There are innumerable variations on this right of first refusal structure. Sometimes it is a threshold requirement on a voluntary transfer that some or all other owners approve of the transfer. Sometimes the company has the opportunity to buy the interest. Sometimes only the other owners have the opportunity.  Sometimes it is only a subset of the owners. Sometimes it is both owners and the company. Sometimes the company has the right and sometimes it has the obligation. It all depends on what is right for your business and your family. Furthermore the price and the terms of the sale are also flexible. Most times, the price will be set by the company with some form of acceptable dispute resolution process, but this is not necessary.  Frequently, the price will be payable in some combination of cash and notes, so that the company and the other owners do not have to have a substantial amount of cash on hand to be able to exercise their right. The other terms of the purchase, including timing, are generally set out in a buy/sell agreement with an eye towards expediency and certainty of completing the purchase.

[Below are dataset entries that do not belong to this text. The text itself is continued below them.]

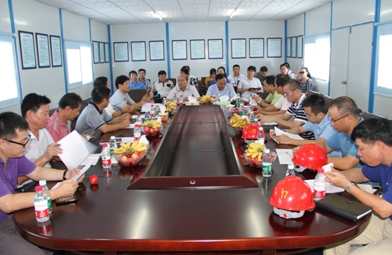 戴琼兴代表我所对重点项目视察组前来项目施工现场指导工作表示欢迎 ,并详细介绍了科研园区、生活园区和科研码头的基建进展情况,提请视察组在生活园区报建审批及水电、城市建设配套费减免、科研码头立项三项问题上给予帮助,协调解决。
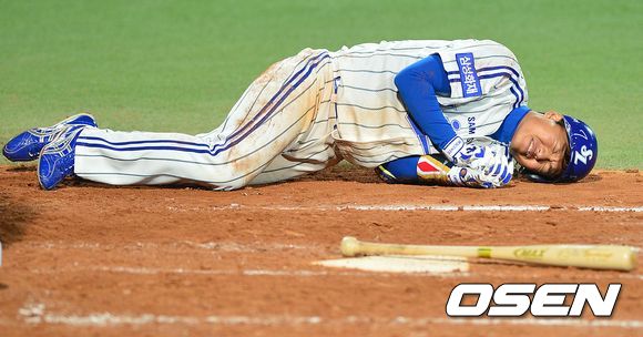 25일 오후 대구구장에서 열린 '2013 한국야쿠르트 세븐 프로야구' 한국시리즈 2차전 삼성 라이온즈와 두산 베어스의 경기, 7회말 삼성 공격 2사 주자없는 상황 정병곤이 두산 투수 오현택의 공에 몸을 맞은 뒤 넘어지며 괴로워하고 있다.
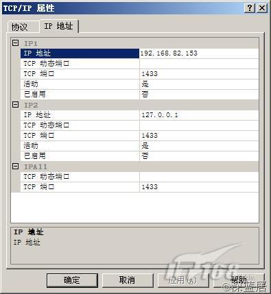 首先,最常用最常見的就是1433端口。這個(gè)是數(shù)據(jù)庫引擎的端口,如果我們要遠(yuǎn)程連接數(shù)據(jù)庫引擎,那么就需要打開該端口。這個(gè)端口是可以修改的,在“SQL Server配置管理器”中切換到“XXX的協(xié)議”里面選擇,TCP/IP協(xié)議屬性中可以設(shè)置TCP端口。如圖所示:
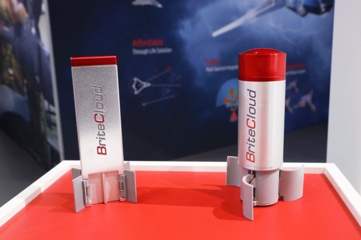 BriteCloud is developed by Leonardo’s facilities in Luton (UK). Following the successful tests of the 55 mm BriteCloud round, called BriteCloud 55, Leonardo developed an even smaller variant called BriteCloud 218 which can fit the 2”x1”x8” US-made chaff/flare dispensers.
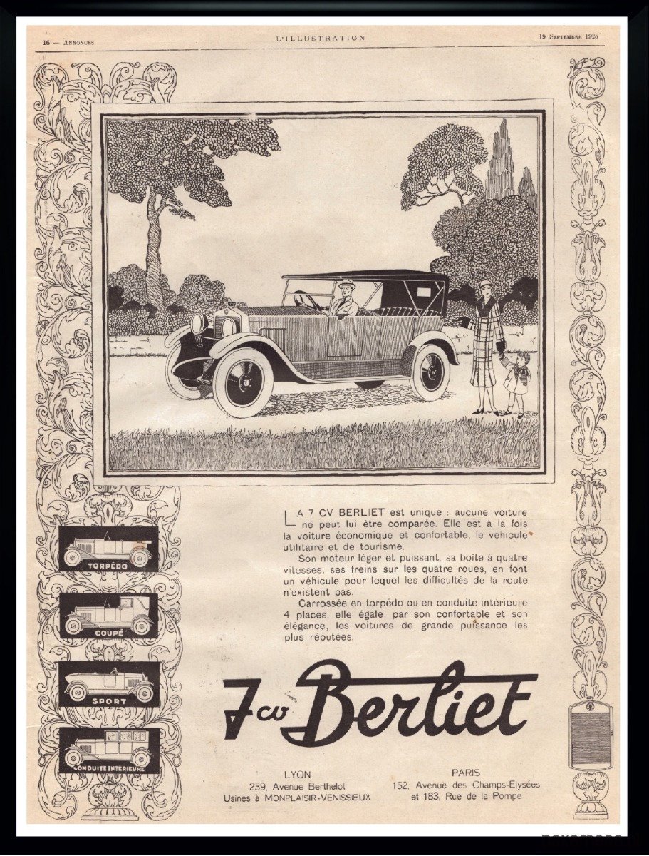 Oprawiona stara francuska reklama samochodu BERLIET z 1922 r, w czarnych ramkach o wymiarach 30 x 40 cm
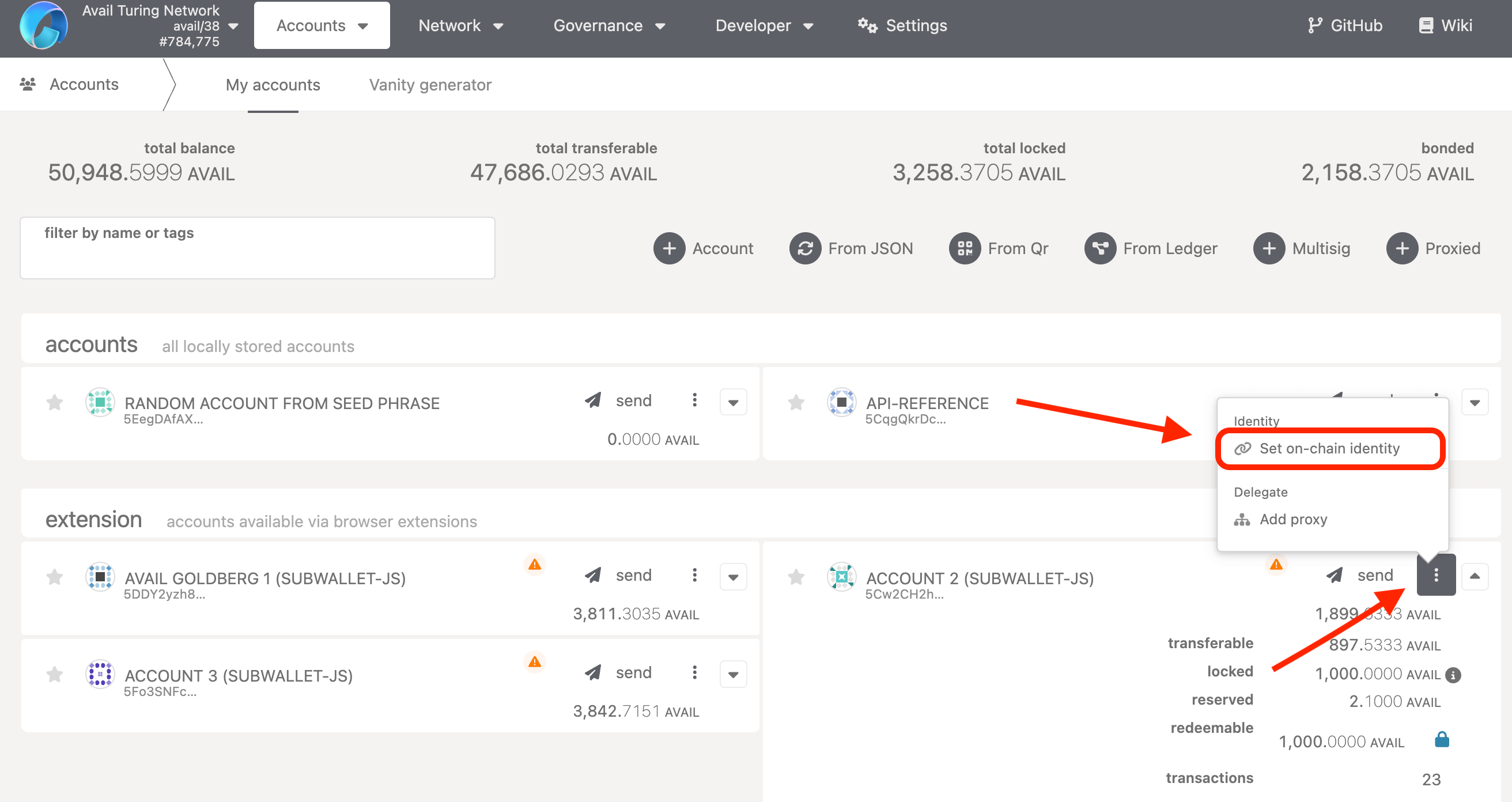 - Each account on Avail can create a main identity and up to 100 sub-identities.
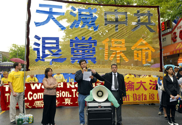 来自新加坡,现居住在纽约的华人洪先生从集会旁路过,记者问他是否了解法拉盛最近发生的攻击法轮功事件,他说:“我太知道了。这些天一直在看。”那么这起事件是否是因为四川地震的缘故呢?他说:“我觉得跟地震没关系,是有人想抢功劳。(中领馆的人)想借机把法轮功打下去,自己不就有功劳可以升官发财了吗?!”问他感觉今天的集会怎么样,他说:“挺好的。共产党那边的人今天好象没有冒头嘛。”记者告诉他马路对面有十几个人在叫骂,洪先生回首观望了一下说,“没几个人,大概是没钱了。他们是一个小时给十块钱,大概(中领馆)没钱了,坚持不下去了。”
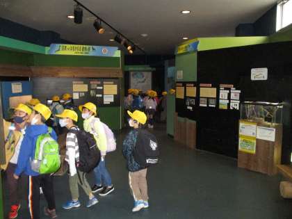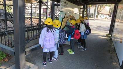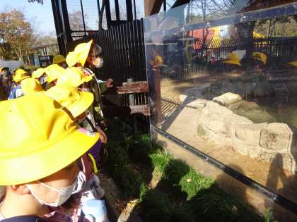 動物を見ている様子です。「キリンのベロが黒いよ」「フラミンゴの顔がハートになっている!」など、たくさんの発見をしました。
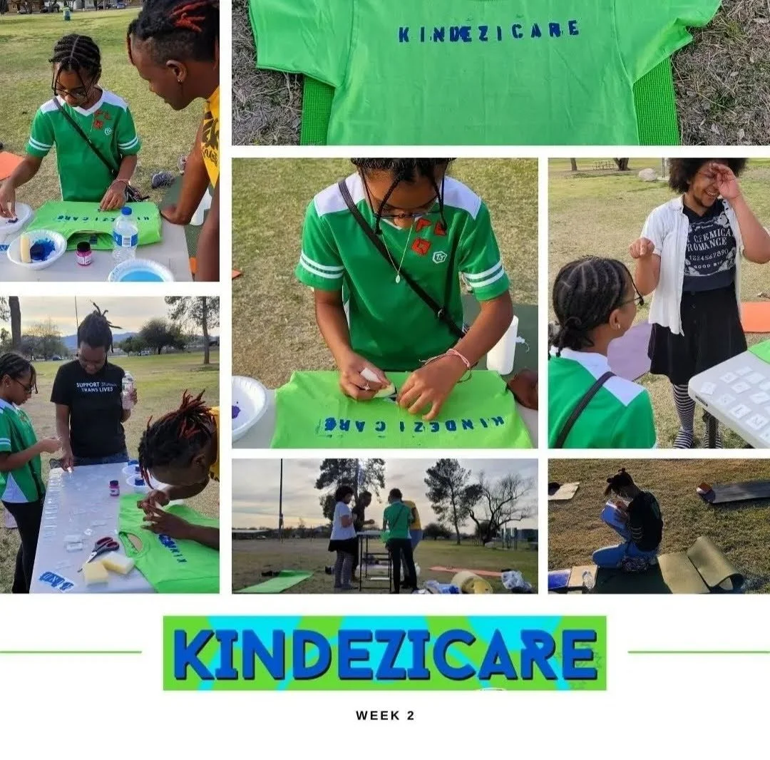 A collage of photos from an outdoor event called KIINDEZICARE, showing children in green shirts participating in craft activities and socializing, with a focus on creating and decorating a green t-shirt with the word 'KIINDEZICARE' written on it.
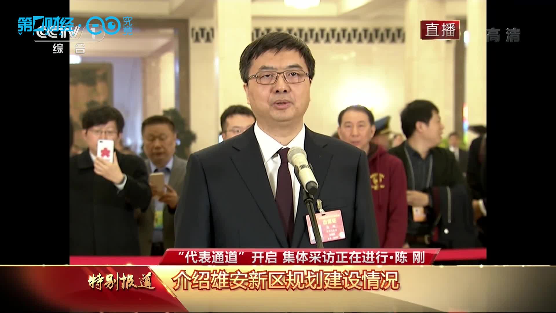 3月5日8时5分,十三届全国人民代表大会第二次会议首场"代表通道"开启,首位接受媒体采访的代表是河北省委常委、副省长、雄安新区党工委书记、管委会主任陈刚,在介绍规划建设情况时,陈刚说:雄安新区规划顶层设计已经完成,即将转入大规模实质性开工建设阶段。
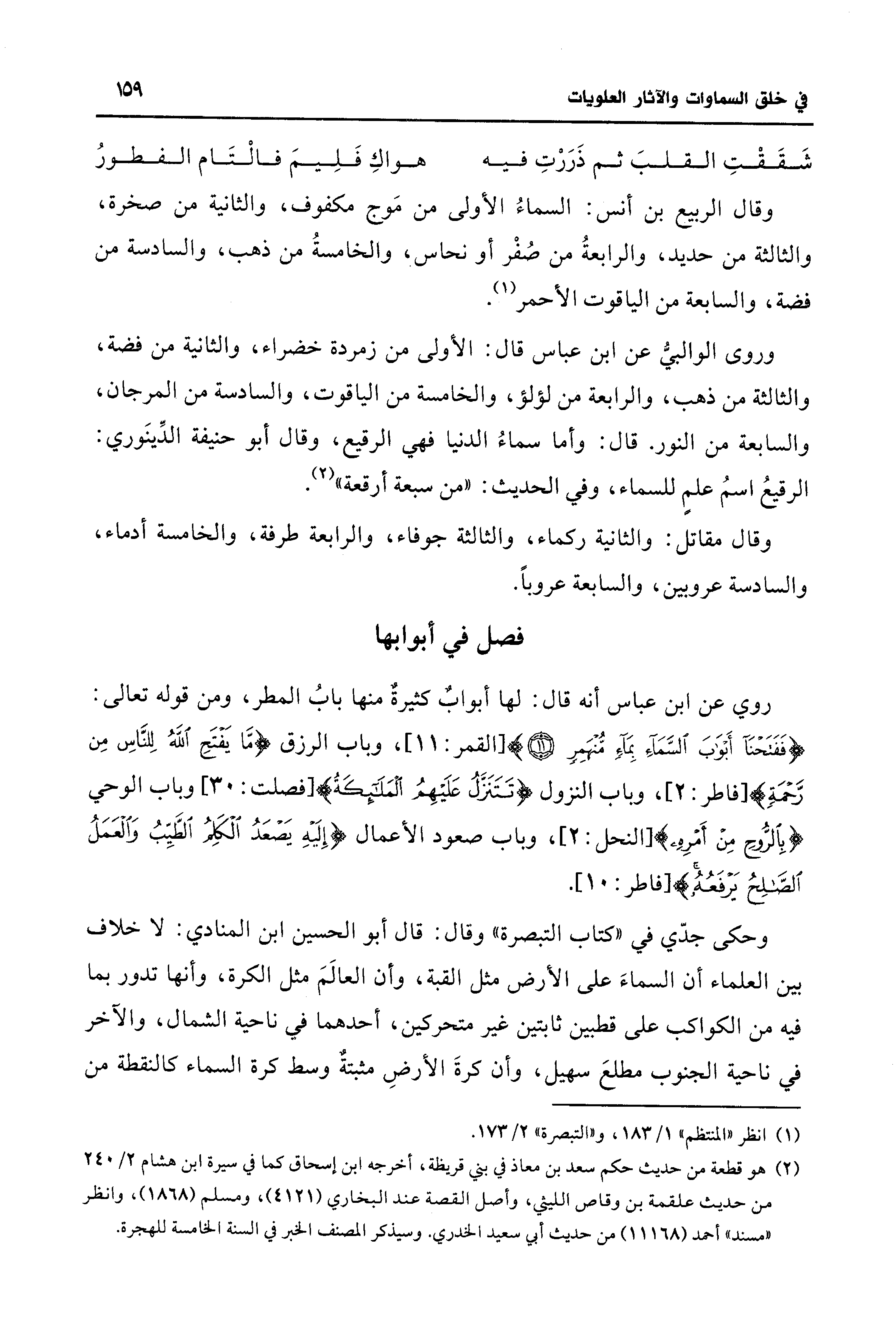 وروى الوالبيُّ عن ابن عباس قال: الأولى من زمردة خضراء، والثانية من فضة، والثالثة من ذهب، والرابعة من لؤلؤ، والخامسة من الياقوت، والسادسة من المرجان، والسابعة من النور. قال: وأما سماءُ الدنيا فهي الرقيع، وقال أبو حنيفة الدِّينَوري: الرقيعُ اسمُ علمِ للسماء، وفي الحديث: "من سبعة أرقعة" (¬2).
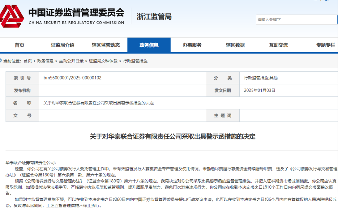 根据《公司债券发行与交易管理办法》(证监会令第180号)第六十八条的规定,浙江证监局决定对华泰联合证券采取出具警示函的监督管理措施,并记入证券期货市场诚信档案。
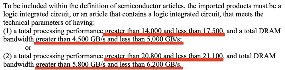 美国商务部长认为,美国出产半导体、某些半导体系体例制设备(例如先辈的光刻和蚀刻东西)及其衍出产品的能力不脚以满脚本土需求。这导致美国不得不依赖境外来历来满脚本土对半导体、半导体系体例制设备及其衍出产品的需求。特朗普要求美国商务部长继续监测半导体、半导体系体例制设备及其衍出产品的进口环境,并应正在2026年7月1日前向特朗普供给美国数据核心所用半导体市场的最新环境,以便确定能否适宜点窜本通知布告中的关税。据美国白宫环境仿单,正在不久的未来,特朗普可能会对半导体及其衍出产品的进口征收更普遍的关税,并推出响应的关税抵消打算,以激励美国本土制制业成长。按照美国白宫总统步履附件,正在集成电上的所有处置单位上相加。“MacTOPS”是每秒进行多沉累积计较(D=A×B+C)的理论峰值数。TPP公式中的2基于将一次乘法累加计较(D=A×B+C)计较为两次操做的行业老例,用于产物数据表。因而,2דMacTOPS”可能对应于产物数据表告的TOPS或FLOPS。乘法累加运算的“操做位长度”是乘法运算输入的最大位长度。进口产物的TPP是将集成电上每个处置单位的TPP加正在一路确定的:TPP=TPP1+TPP2+…+TPPn(此中n为集成电上处置单位的数量)。“MacTOPS”的比率应按理论上可能的最大值计较,被认为是制制商正在年度或手册中声称的集成电的最高值。例如,若是集成电是为MAC计较设想的,有多个比特长度实现分歧的“TPP”值,则应利用最高的“TPP”值。对于同时供给稀少矩阵和稠密矩阵处置的集成电,“TPP”值是处置稠密矩阵(例如,没有稀少性)的值。“总DRAM带宽”是指集成电(IC)和动态随机存取存储器(DRAM)IC之间的总内存带宽,单元为千兆字节/秒,包罗共封拆DRAM IC和非共封拆DRAM IC,不包罗通过互连介质近程拜候的DRAM IC的带宽。共封拆DRAM包罗高带宽内存(HBM)等。非封拆DRAM IC包罗图形双数据速度(DR)IC等。
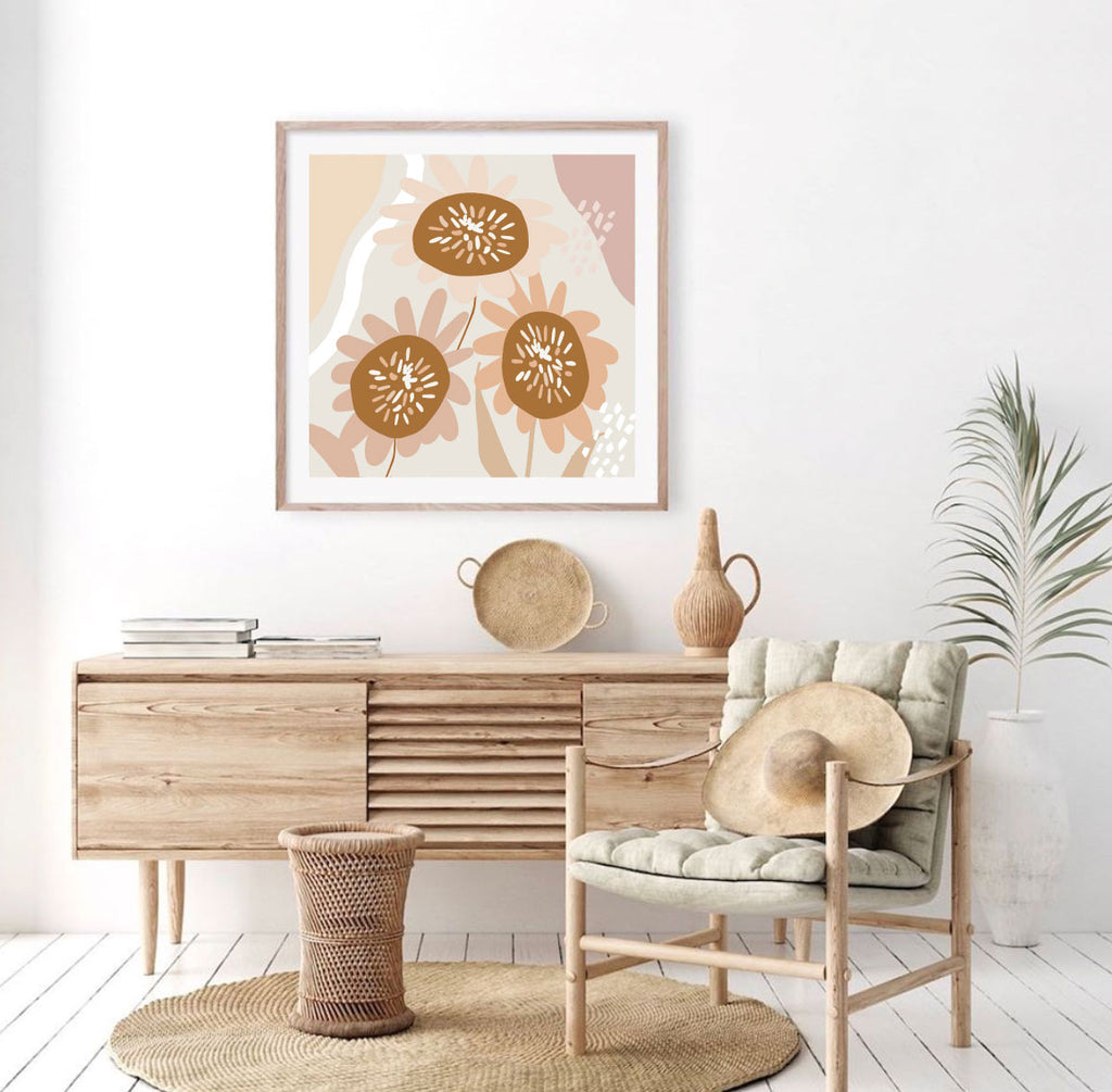 Sunflower Garden Original Illustration Print-Art for Interiors-Online Framed-Australian Made Wall Art-Milk n Honey Designs
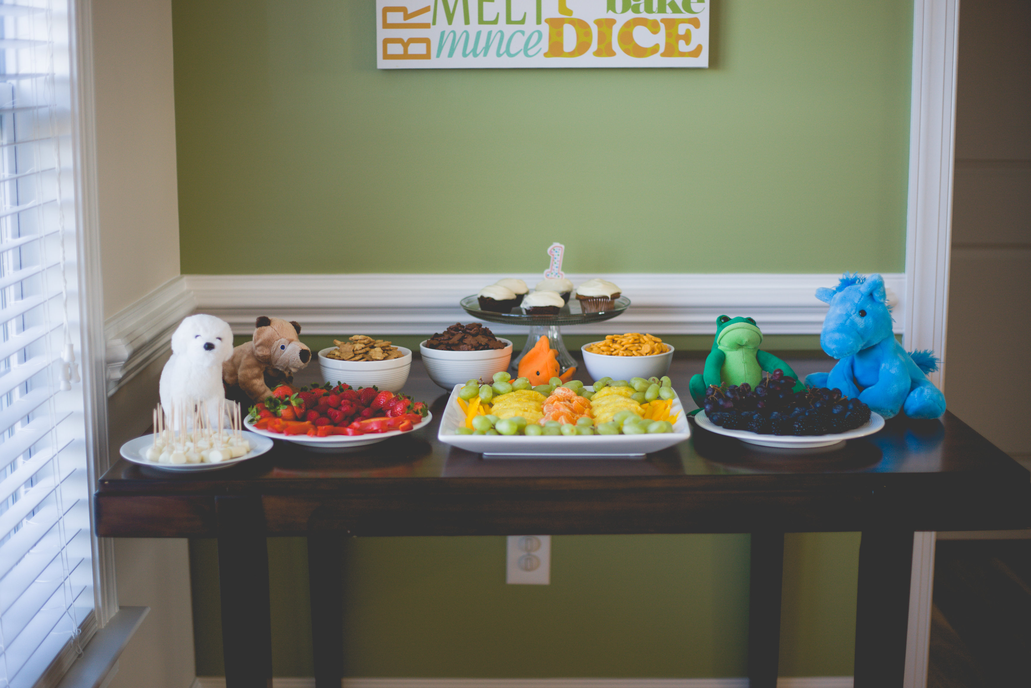 The “My First Year” mantel was one of my favorite decorations for the party. I collected various 5×7 photo frames, painted them to go with the colors in the book, and got prints of Gerrit’s monthly photos. I also scoured Amazon for animals in the appropriate colors (blue horse was a tough one…). My sister found a few other animals that she sent to me so I had extras to add to the snack table:

And, with anything, it is important to be mindful of the tax consequences to all the parties involved. A purchase of the stock by another family member under this mechanism is just that, and in most cases will result in long term capital gain tax treatment for the selling family member and a step up in the basis of the stock for the buying family member. A purchase by the company can be more complicated from a tax perspective. A company’s purchase of its own stock may be treated as a redemption and, therefore, perhaps a distribution. The tax treatment of distributions, particularly from Subchapter C corporations, can be complicated and it is important to have tax counsel, in addition to corporate counsel, review these provisions.

So if you are concerned about keeping ownership of your family business within the family, you will need some form of buy/sell agreement.  But not all buy/sell agreements are created equal – a good attorney can employ incredible flexibility that will allow you to protect your business, create the right incentives within the family and minimize tax burdens, all in a manner that is customized to your business.